1.4 RESEARCH QUESTIONS
The following questions guided the study:
i. What are the causes of stress in Star Paper Mill, Nigeria?
ii. Does stress have any effect on the productivity of managers in Star Paper Mill, Nigeria? iii. How do managers at Star Paper Mill, Nigeria handle stress?
iv. What stress management strategies have been employed by Star Paper Mill, Nigeria to help managers to manage stress?
1.5 SIGNIFICANCE OF THE STUDY
The purpose of the study was to find out the effects or impacts of stress on managers’ productivity. The researcher believes that this study was very important and would go a long way to notifying all organizations, most especially those in the service sector on the need to ensure the effective management of stress for their managers. The study will also add to existing store of knowledge. Thus, the findings will add to studies that have been done, so that people in other part of the country can also appreciate the problem. It will also provide suggestions on how to reduce the effects of stress on output. Again, it will be a source for further research and of relevance to stakeholders.
1.6 SCOPE OF THE STUDY
The study focused on Star Paper Mill, Nigeria, Takoradi as one of the major ports of entry in Nigeria so as to get an in depth and comprehensive understanding of what is happening at Star Paper Mill, Nigeria and make the research meaningful.
Drawbacks are an inevitable part of almost every venture individuals carry out and overcoming them prepares or fortifies one for other tasks ahead. Even though these challenges to some extent hampered the progress of the study, they also helped in putting researchers on their toes to work tirelessly around the clock in making the success of this study a reality.
In as much as lots of commitment and zeal was employed in conducting an intensive and thorough study, certain impediments were encountered
This study was necessarily limited in scope due to series of resource limitations as well as practical research limitations and notable ones were:
• Time constraint, in the sense that time allocated for conducting this study was very short to allow for adequate data collection and this short time had to be divided between the main academic work which included preparation for face to face and examinations.
• The reluctance of respondents to answer the questionnaire during the data collection process which was critical in providing the needed inputs for the research work. This has been the problem in Nigeria, where information flow could be tainted with excessive bureaucracy and suspicion and sometimes fears of victimization by superior officers.

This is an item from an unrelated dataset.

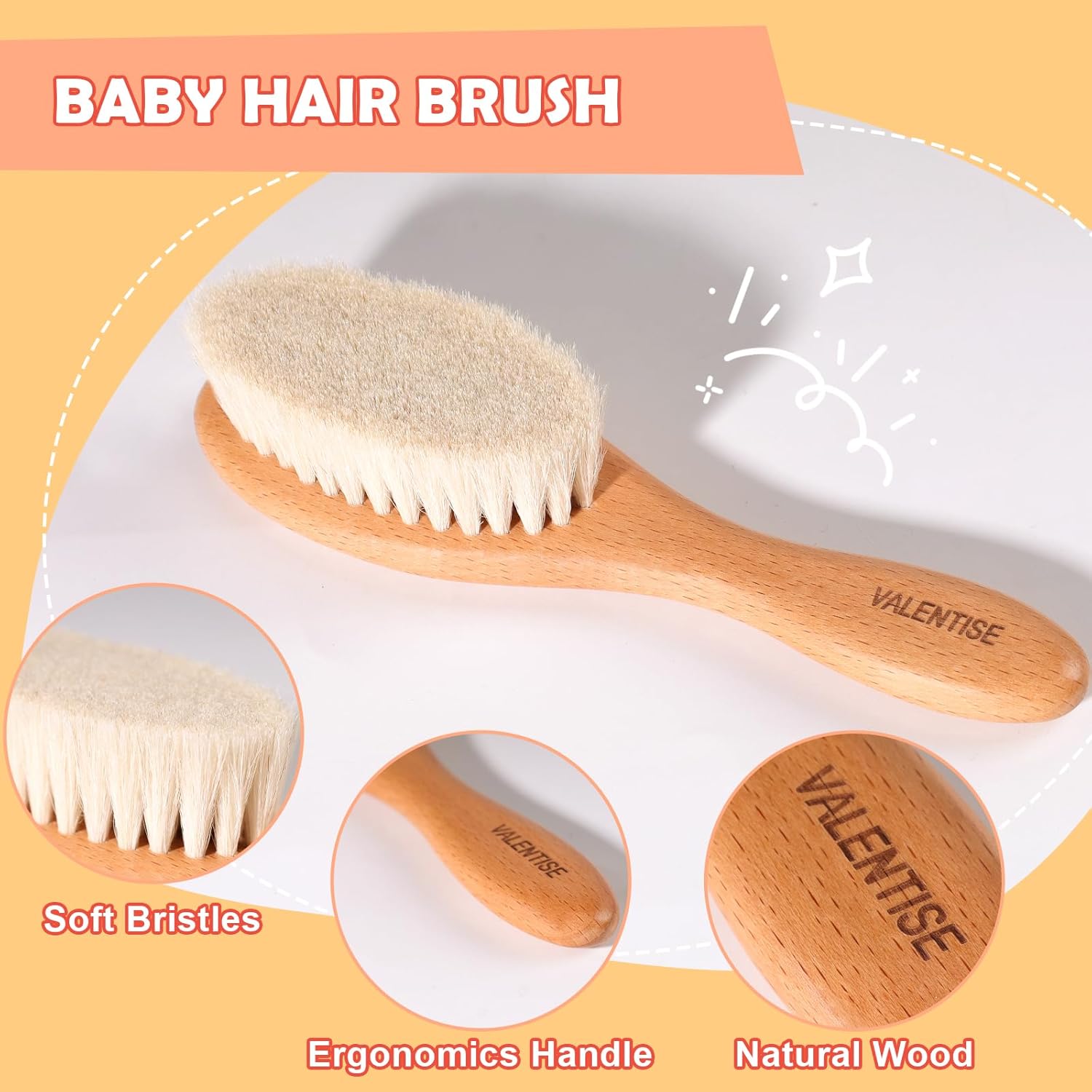 Ergonomic Design:This baby brush set features rounded corners,making it easy to hold and ensuring a comfortable and safe grip while grooming your baby.

Some respondents did not cooperate with the researcher during the data collection period.
• Financial constraint was also a problem the researcher faced in undertaking the study. This is because the case study area was in Western Region while the researcher was in Eastern Region.
1.8 ORGANISATION OF THE STUDY
The study was organized into five chapters. Chapter one introduced the study by giving the background information on the research problem, objectives, research questions and scope of the study. Chapter two dealt with the review of relevant literature on the research problems and concepts with specific reference to how it applies in organizations. Chapter three discussed the research methodology adopted for the study and relevant justifications. Chapter four presented the findings on the effects of stress on productivity in Star Paper Mill, Nigeria, Takoradi. Chapter five also presented the conclusions drawn from the research findings and recommendations to enhance organizational effectiveness through management of stress.